Exercise aim:
Retype the opening lines of the data exactly, stopping after the line that contains "Margitin park v Brezne.". Skip every picture.

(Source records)
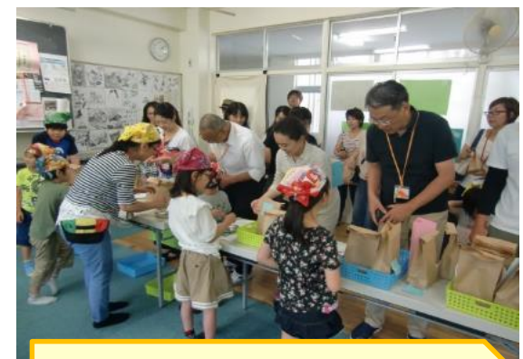
[特別支援学級の活動]
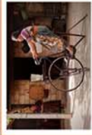
BICH-MÁQUINAS PARA PROCESOS AGRICOLAS
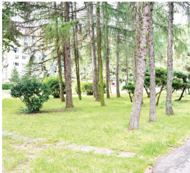
Margitin park v Brezne.

„Celá plocha pôsobí zdevastovane, zanedbane a neplní funkcie vnútrobloku – ani izolačnú, ani rekreačnú či športovú. S pribúdajúcimi problémami so znečisťovaním ovzdušia a otepľovaním klímy, ako aj s ohľadom na fakt, že v bezprostrednej blízkosti sa nachádzajú cestné komunikácie, je žiaduca práve intervencia do revitalizácie, obnovy, úpravy terénu, výsadby izolačnej zelene a obnovenia všetkých funkcií, ktoré vnútroblok v obytnej zóne má plniť – rekreačná, športová, obslužná,“ uviedla
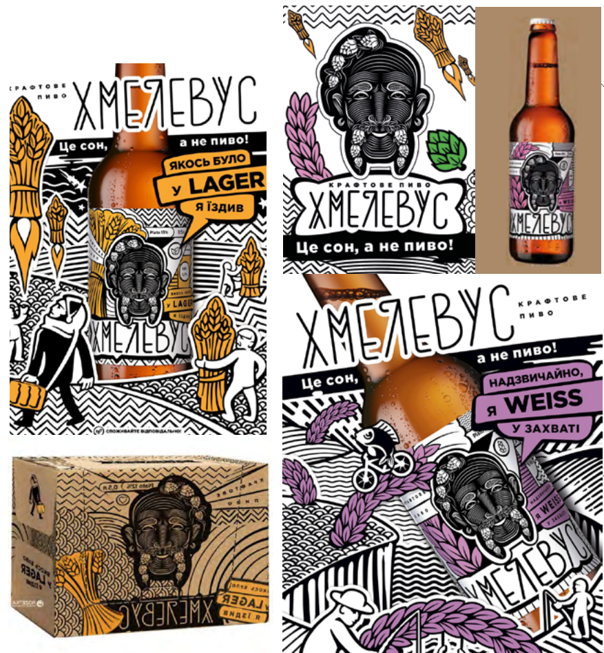
Комунікаційна група AGAMA. Бренд крафтового пива «Хмелевус». 2018.
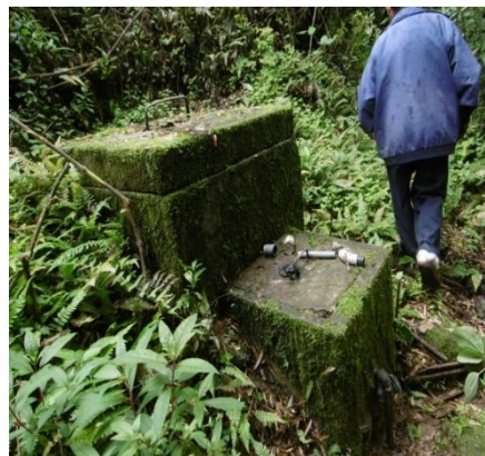
Captación existente en mal estado de conservación
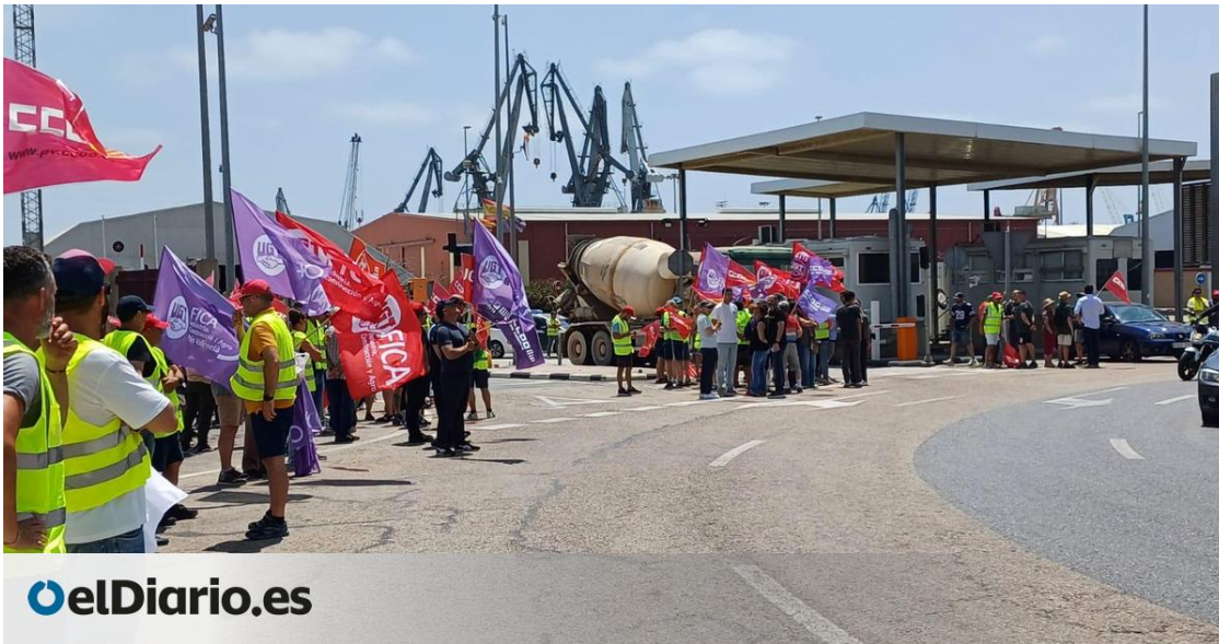
Protesta de los trabajadores de Fertiberia este viernes en Sagunto.
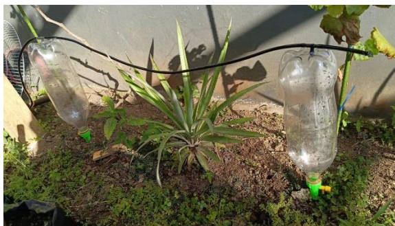
Gambar 8. Pengisian Air pada Sistem Drip

Pengaturan durasi dan waktu pengisian air dapat dilakukan melalui antarmuka pengguna (GUI) ditunjukkan pada Gambar 8, memungkinkan pengguna untuk menyesuaikan durasi pengairan berdasarkan kebutuhan tanaman atau kondisi lingkungan. Setelah durasi yang ditentukan tercapai atau kelembaban tanah sudah mencukupi, solenoid valve secara otomatis menutup untuk menghentikan aliran air. Sistem ini tidak hanya memastikan bahwa tanaman menerima jumlah air yang cukup, tetapi juga mengoptimalkan penggunaan sumber daya air dengan menghindari pemborosan. Penerapan mekanisme pengisian air yang terintegrasi dengan teknologi IoT ini memastikan pengelolaan irigasi yang lebih efisien, mengurangi intervensi manual, dan meningkatkan hasil pertanian secara berkelanjutan.
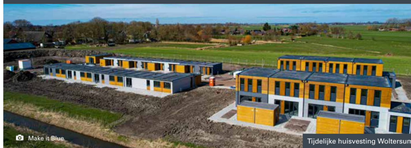
Tijdelijke huisvesting Woltersum
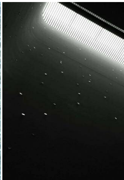
待ち合室脇の階段「ふりそそぐ光」

Response area:
[特別支援学級の活動]
BICH-MÁQUINAS PARA PROCESOS AGRICOLAS
Margitin park v Brezne.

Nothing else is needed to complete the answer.